Using your comment clarifying that the conditions include high temps of 100, 500, and 1000 degrees celsius, this is my answer:

At high temperatures, the noble metal that is most resistant to oxidation by diatomic oxygen in air is ruthenium. It can resist oxidation at temperatures up to 1000°C in air.

Ruthenium is a noble metal that has a very high resistance to oxidation, due to its stability and chemical properties. It has a high melting point of around 3900°C and low coefficient of thermal expansion which makes it to withstand high temperatures without showing degradation. Additionally, ruthenium has a relatively high level of resistance to chemical reactions and corrosion. These properties make ruthenium particularly useful in high-temperature applications, such as aerospace, electronic and chemical industries.

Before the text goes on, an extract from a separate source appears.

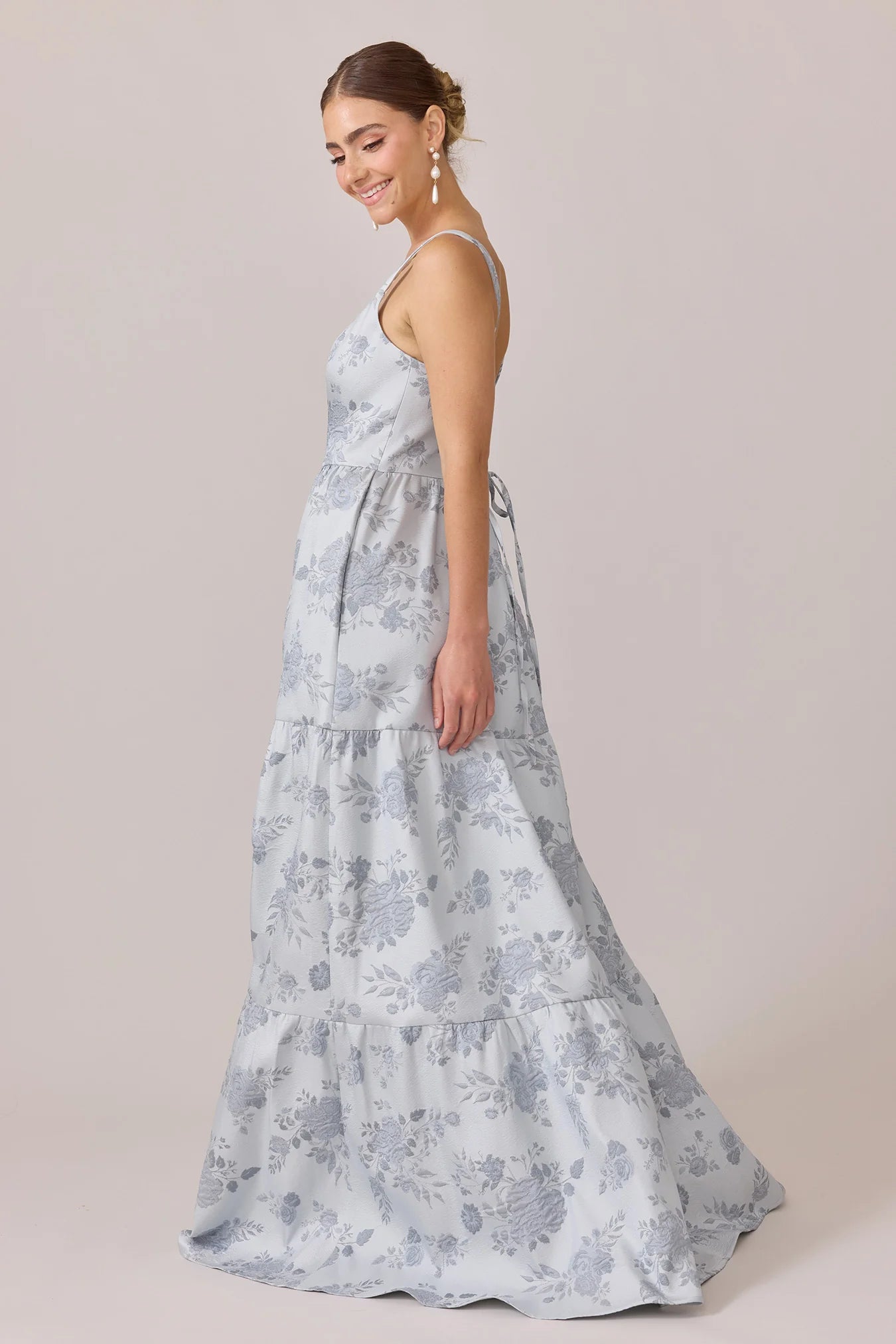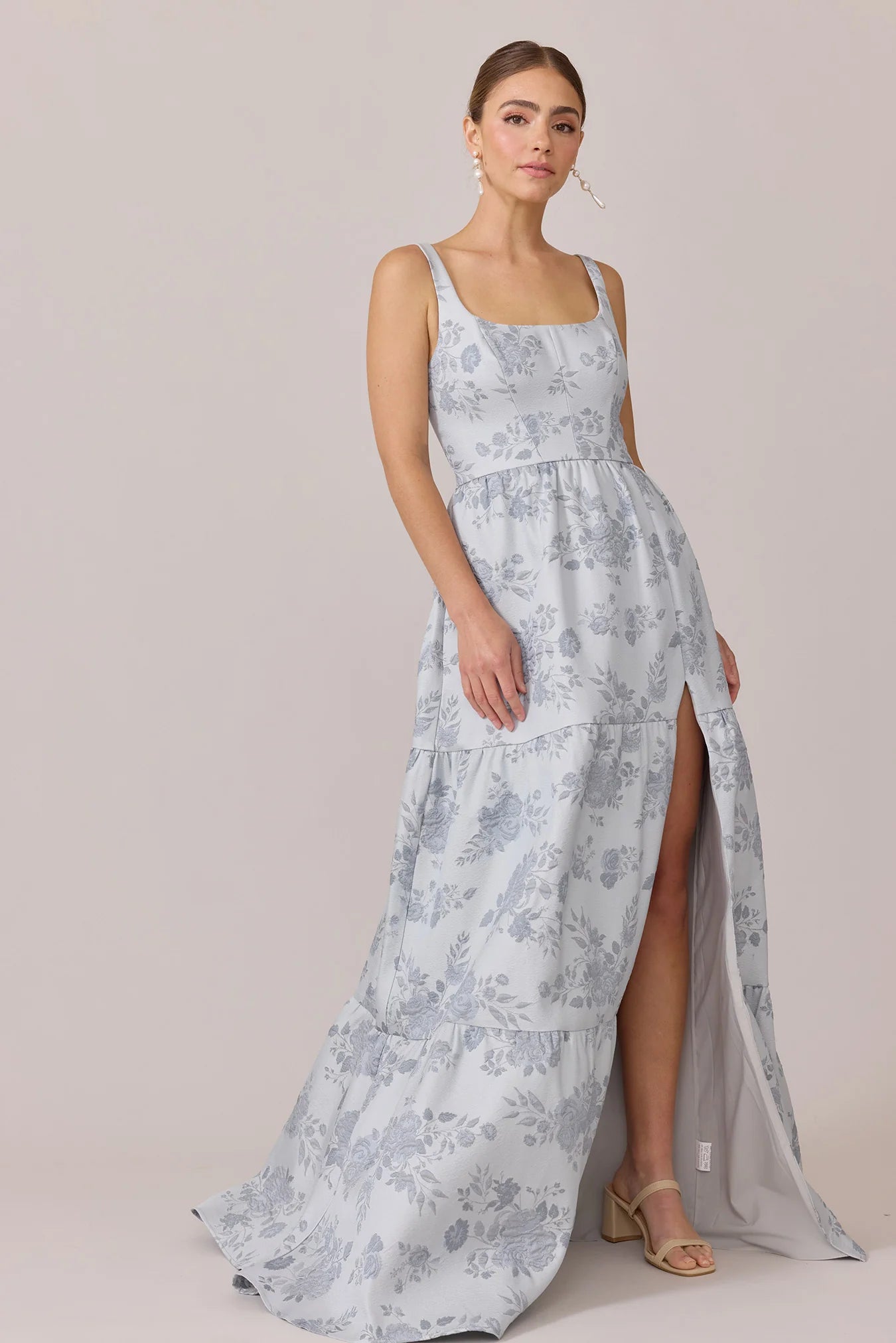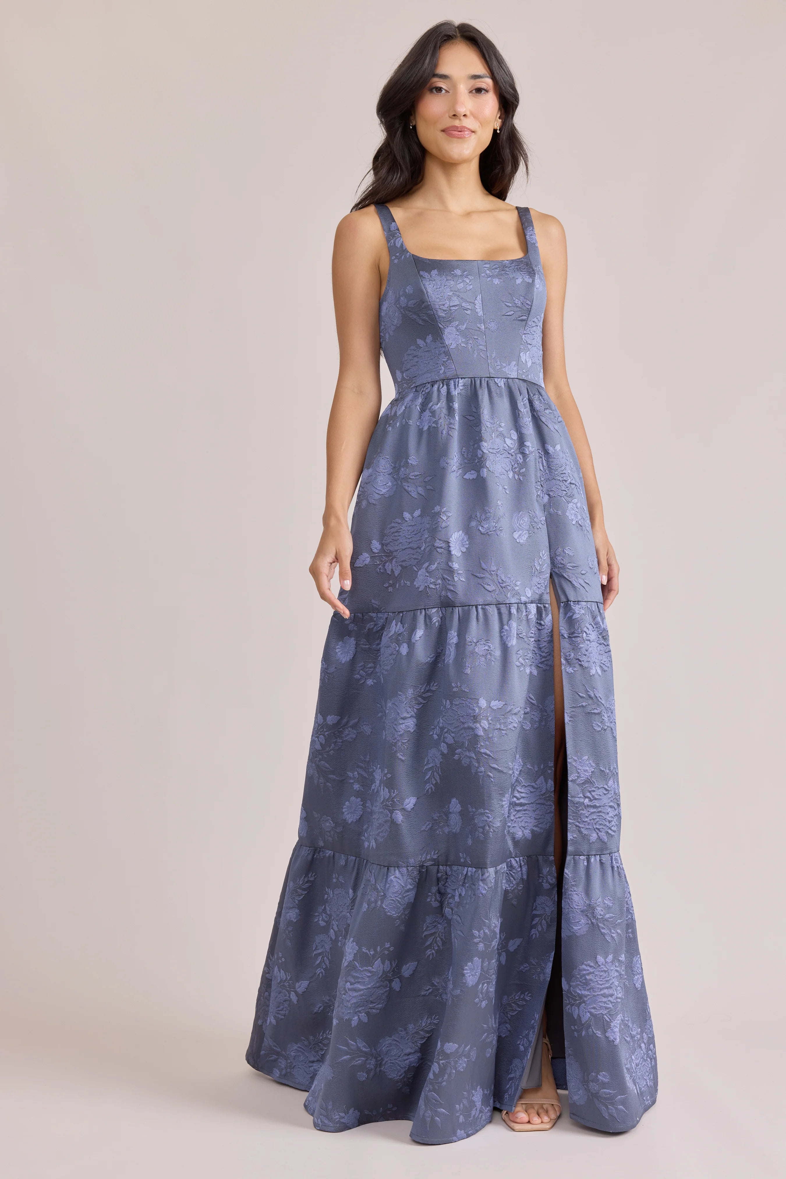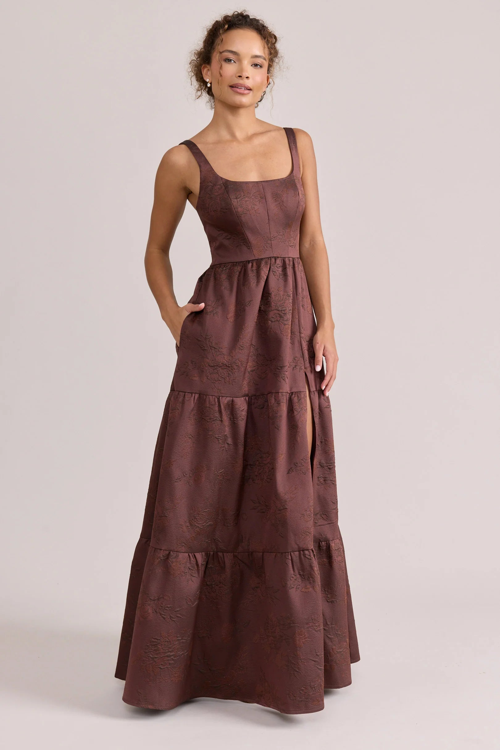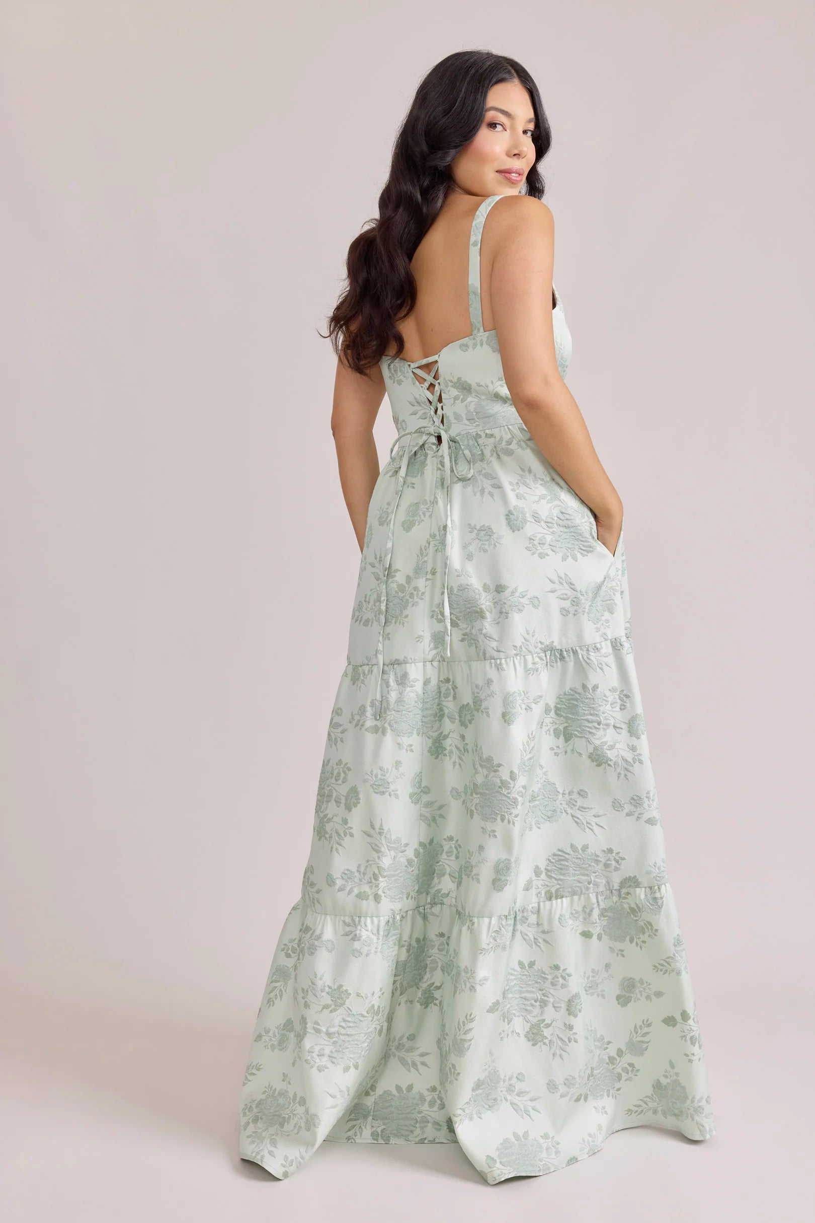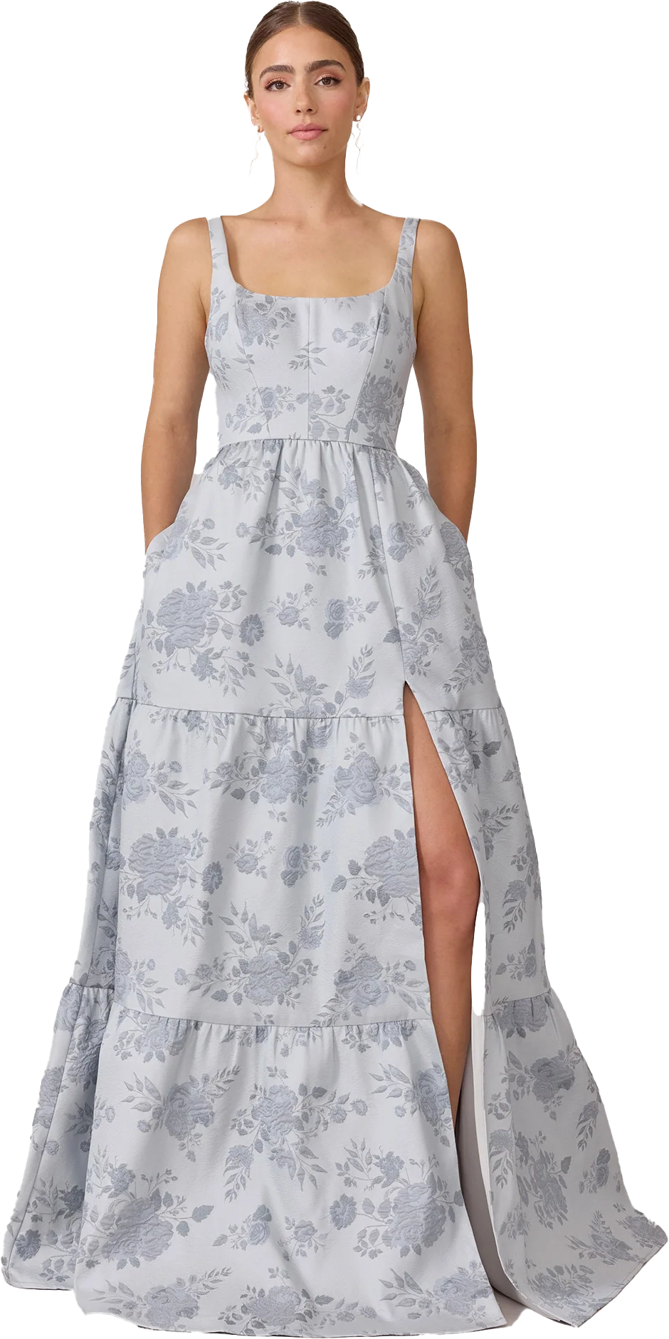 Our Winslet jacquard dress is a timeless style that flatters every body type. With a modern square neckline, Winslet has a fitted, modest bodice that flows into a lightly gathered skirt. The best part? This dress has pockets! Winslet is also available with embellishments.

Other noble metals such as platinum, palladium, rhodium can withstand lower temperatures compared to ruthenium, for instance, platinum and palladium resist oxidation up to about 900°C, while rhodium can resist up to 800°C.

It's important to note that the oxidation resistance of a metal at high temperature is also affected by the specific conditions of the environment, such as the presence of other gases and the oxygen concentration.